1. **Training Phase**:
   - Passes batches of data through the model.
   - Computes the loss, backpropagates, and updates the model’s parameters.
   - Tracks the average training loss for the epoch.

2. **Validation Phase**:
   - Evaluates the model on the validation dataset without updating parameters.
   - Tracks the average validation loss for the epoch.

3. **Logs Losses**:
   - Displays training and validation losses for each epoch.

This structure ensures that the model is both trained and validated in each epoch, with clear logging to monitor performance over time.

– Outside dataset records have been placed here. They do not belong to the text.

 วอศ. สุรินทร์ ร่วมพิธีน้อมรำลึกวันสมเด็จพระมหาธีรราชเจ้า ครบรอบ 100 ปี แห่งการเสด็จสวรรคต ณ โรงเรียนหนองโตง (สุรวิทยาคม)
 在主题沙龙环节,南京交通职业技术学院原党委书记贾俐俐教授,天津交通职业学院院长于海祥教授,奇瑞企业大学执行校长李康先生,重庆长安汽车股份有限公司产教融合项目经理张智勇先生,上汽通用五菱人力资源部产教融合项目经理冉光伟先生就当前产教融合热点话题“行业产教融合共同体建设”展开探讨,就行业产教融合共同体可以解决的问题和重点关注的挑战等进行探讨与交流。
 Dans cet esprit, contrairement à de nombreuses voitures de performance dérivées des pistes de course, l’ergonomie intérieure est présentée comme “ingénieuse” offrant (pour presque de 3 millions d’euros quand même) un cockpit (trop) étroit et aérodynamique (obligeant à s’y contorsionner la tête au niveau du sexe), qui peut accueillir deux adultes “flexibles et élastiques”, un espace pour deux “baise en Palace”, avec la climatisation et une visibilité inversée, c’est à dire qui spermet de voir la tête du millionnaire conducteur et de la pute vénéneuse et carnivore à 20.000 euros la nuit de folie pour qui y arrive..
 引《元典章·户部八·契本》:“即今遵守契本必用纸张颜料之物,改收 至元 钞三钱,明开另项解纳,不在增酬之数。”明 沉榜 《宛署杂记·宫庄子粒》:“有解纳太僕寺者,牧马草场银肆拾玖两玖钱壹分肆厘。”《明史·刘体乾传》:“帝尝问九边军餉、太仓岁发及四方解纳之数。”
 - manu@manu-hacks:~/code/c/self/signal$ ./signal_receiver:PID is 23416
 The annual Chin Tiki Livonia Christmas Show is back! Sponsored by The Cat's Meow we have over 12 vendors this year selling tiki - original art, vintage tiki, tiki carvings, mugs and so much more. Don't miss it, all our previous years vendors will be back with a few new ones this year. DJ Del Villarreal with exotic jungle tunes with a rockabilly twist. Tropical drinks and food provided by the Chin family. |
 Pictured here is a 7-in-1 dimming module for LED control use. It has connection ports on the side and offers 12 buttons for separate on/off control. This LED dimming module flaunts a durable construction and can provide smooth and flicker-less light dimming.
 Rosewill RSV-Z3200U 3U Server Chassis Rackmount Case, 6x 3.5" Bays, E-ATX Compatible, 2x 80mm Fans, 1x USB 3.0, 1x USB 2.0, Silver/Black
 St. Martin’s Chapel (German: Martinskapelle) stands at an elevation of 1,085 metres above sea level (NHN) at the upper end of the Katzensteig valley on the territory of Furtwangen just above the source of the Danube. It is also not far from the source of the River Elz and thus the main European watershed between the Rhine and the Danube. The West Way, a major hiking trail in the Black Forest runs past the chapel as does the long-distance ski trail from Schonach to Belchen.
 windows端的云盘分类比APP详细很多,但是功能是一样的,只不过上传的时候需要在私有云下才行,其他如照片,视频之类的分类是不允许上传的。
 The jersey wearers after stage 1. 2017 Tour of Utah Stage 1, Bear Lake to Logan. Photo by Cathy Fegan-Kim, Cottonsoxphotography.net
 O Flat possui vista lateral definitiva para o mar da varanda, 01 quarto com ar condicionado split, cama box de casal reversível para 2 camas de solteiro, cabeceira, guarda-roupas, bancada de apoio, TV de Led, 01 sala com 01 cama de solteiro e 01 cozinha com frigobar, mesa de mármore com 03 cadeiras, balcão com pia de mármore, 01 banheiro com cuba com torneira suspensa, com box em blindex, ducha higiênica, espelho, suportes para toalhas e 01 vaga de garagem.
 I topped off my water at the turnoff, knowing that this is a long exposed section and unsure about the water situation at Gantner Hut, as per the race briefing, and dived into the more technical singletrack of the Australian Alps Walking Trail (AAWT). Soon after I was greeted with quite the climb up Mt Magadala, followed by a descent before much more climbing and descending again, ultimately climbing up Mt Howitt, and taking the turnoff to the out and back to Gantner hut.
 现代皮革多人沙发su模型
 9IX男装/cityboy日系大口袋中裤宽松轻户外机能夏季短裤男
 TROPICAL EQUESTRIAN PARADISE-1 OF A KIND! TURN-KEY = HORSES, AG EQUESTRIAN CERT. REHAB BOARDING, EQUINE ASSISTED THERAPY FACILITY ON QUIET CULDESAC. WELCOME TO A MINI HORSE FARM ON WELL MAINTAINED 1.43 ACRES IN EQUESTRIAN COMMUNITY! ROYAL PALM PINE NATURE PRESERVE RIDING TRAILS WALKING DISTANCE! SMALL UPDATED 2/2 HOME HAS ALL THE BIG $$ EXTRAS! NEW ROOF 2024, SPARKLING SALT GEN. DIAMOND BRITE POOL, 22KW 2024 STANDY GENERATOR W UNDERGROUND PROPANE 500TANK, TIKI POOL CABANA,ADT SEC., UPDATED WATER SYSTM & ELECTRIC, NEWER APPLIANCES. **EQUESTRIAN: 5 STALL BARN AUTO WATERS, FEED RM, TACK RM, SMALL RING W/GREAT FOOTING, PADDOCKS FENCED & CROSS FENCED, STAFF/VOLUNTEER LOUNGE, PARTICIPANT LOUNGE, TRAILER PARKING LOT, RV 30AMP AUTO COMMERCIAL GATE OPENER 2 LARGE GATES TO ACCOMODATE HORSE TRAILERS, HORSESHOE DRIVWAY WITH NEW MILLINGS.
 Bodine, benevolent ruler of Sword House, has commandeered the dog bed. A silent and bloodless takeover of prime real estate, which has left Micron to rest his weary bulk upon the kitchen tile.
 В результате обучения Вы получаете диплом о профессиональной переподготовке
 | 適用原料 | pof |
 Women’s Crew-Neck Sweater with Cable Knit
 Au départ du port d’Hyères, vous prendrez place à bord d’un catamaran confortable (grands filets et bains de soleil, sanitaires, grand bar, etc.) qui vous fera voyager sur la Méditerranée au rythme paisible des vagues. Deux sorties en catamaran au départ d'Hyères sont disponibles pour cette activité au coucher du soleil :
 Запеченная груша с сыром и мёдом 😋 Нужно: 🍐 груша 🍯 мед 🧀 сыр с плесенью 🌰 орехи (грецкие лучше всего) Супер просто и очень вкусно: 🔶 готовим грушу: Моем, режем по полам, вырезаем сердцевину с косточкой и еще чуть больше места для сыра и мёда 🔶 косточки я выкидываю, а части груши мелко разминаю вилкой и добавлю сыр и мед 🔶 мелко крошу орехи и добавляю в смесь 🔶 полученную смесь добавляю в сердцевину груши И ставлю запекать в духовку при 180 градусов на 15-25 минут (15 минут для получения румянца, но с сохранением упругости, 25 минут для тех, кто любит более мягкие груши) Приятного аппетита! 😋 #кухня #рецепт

## Visualizing Training and Validation Performance

In [None]:
# Visualization example
plt.plot(train_losses, label="Training Loss")
plt.plot(val_losses, label="Validation Loss")
plt.xlabel("Epochs")
plt.ylabel("Loss")
plt.legend()
plt.title("Training and Validation Loss")
plt.show()

## Evaluating the Model

In [None]:
def evaluate_model(model, test_loader):
    model.eval()  # Set to evaluation mode
    correct = 0
    total = 0
    with torch.no_grad():
        for images, labels in test_loader:
            outputs = model(images)
            _, predicted = torch.max(outputs, 1)
            total += labels.size(0)
            correct += (predicted == labels).sum().item()
    print(f"Accuracy: {100 * correct / total:.2f}%")

In [None]:
evaluate_model(model, test_loader)

## Saving and Loading the Model

In [None]:
# Save the model
torch.save(model.state_dict(), "mnist_model.pth")

In [None]:
# Load the model
loaded_model = NeuralNetwork()
loaded_model.load_state_dict(torch.load("mnist_model.pth"))

## Making Predictions

In [None]:
# Make predictions
model.eval()
sample_image, sample_label = test_dataset[0]
with torch.no_grad():
    output = model(sample_image.unsqueeze(0))
    _, prediction = torch.max(output, 1)
print(f"True Label: {sample_label}, Predicted Label: {prediction.item()}")

### **Advantages of Neural Networks**
- Can model complex relationships in data.
- Generalize well with sufficient training and regularization.
- Widely applicable to diverse fields such as image recognition, speech processing, and medical diagnostics.

### **Limitations of Neural Networks**
- Requires a large amount of data and computational resources.
- Training can be time-intensive.
- Prone to overfitting if not properly regularized.

In summary, neural networks are powerful tools for solving complex problems, with their success attributed to their ability to learn hierarchical representations of data. When designed and trained effectively, they can achieve remarkable performance across various tasks.